- **WORK INSTRUCTIONS**: When you retype the listing, keep every word exactly as it appears.

- **LISTED ENTRIES**:
──────
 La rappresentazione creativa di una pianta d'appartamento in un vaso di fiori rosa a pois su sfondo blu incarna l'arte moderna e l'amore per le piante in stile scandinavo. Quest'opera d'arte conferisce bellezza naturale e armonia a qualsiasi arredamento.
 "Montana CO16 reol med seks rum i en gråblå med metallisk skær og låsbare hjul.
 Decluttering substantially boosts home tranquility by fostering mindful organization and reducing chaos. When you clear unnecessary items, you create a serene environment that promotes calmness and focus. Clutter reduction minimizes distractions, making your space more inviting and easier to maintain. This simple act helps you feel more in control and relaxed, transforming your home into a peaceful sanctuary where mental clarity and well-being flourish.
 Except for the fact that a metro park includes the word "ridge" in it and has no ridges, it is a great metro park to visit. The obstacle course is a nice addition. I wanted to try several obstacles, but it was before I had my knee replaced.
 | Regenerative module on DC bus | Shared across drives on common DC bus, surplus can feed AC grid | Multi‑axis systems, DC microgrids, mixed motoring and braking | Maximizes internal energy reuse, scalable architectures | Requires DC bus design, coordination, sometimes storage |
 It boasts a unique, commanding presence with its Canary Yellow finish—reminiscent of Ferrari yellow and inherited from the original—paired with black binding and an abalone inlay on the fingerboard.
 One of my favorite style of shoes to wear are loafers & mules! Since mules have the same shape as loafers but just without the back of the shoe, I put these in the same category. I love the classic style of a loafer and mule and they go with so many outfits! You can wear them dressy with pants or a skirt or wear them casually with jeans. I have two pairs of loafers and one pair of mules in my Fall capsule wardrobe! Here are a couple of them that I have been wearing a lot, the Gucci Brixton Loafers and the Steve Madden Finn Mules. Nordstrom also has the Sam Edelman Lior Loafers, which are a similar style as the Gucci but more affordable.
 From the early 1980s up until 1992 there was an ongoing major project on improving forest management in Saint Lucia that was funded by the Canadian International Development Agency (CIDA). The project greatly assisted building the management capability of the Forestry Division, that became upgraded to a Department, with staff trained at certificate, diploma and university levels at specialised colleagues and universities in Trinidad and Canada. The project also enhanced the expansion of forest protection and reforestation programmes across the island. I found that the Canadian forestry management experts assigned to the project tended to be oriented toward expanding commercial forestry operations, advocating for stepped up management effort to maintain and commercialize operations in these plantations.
──────
- **RESPONSE**:
 La rappresentazione creativa di una pianta d'appartamento in un vaso di fiori rosa a pois su sfondo blu incarna l'arte moderna e l'amore per le piante in stile scandinavo. Quest'opera d'arte conferisce bellezza naturale e armonia a qualsiasi arredamento.
 "Montana CO16 reol med seks rum i en gråblå med metallisk skær og låsbare hjul.
 Decluttering substantially boosts home tranquility by fostering mindful organization and reducing chaos. When you clear unnecessary items, you create a serene environment that promotes calmness and focus. Clutter reduction minimizes distractions, making your space more inviting and easier to maintain. This simple act helps you feel more in control and relaxed, transforming your home into a peaceful sanctuary where mental clarity and well-being flourish.
 Except for the fact that a metro park includes the word "ridge" in it and has no ridges, it is a great metro park to visit. The obstacle course is a nice addition. I wanted to try several obstacles, but it was before I had my knee replaced.
 | Regenerative module on DC bus | Shared across drives on common DC bus, surplus can feed AC grid | Multi‑axis systems, DC microgrids, mixed motoring and braking | Maximizes internal energy reuse, scalable architectures | Requires DC bus design, coordination, sometimes storage |
 It boasts a unique, commanding presence with its Canary Yellow finish—reminiscent of Ferrari yellow and inherited from the original—paired with black binding and an abalone inlay on the fingerboard.
 One of my favorite style of shoes to wear are loafers & mules! Since mules have the same shape as loafers but just without the back of the shoe, I put these in the same category. I love the classic style of a loafer and mule and they go with so many outfits! You can wear them dressy with pants or a skirt or wear them casually with jeans. I have two pairs of loafers and one pair of mules in my Fall capsule wardrobe! Here are a couple of them that I have been wearing a lot, the Gucci Brixton Loafers and the Steve Madden Finn Mules. Nordstrom also has the Sam Edelman Lior Loafers, which are a similar style as the Gucci but more affordable.
 From the early 1980s up until 1992 there was an ongoing major project on improving forest management in Saint Lucia that was funded by the Canadian International Development Agency (CIDA). The project greatly assisted building the management capability of the Forestry Division, that became upgraded to a Department, with staff trained at certificate, diploma and university levels at specialised colleagues and universities in Trinidad and Canada. The project also enhanced the expansion of forest protection and reforestation programmes across the island. I found that the Canadian forestry management experts assigned to the project tended to be oriented toward expanding commercial forestry operations, advocating for stepped up management effort to maintain and commercialize operations in these plantations.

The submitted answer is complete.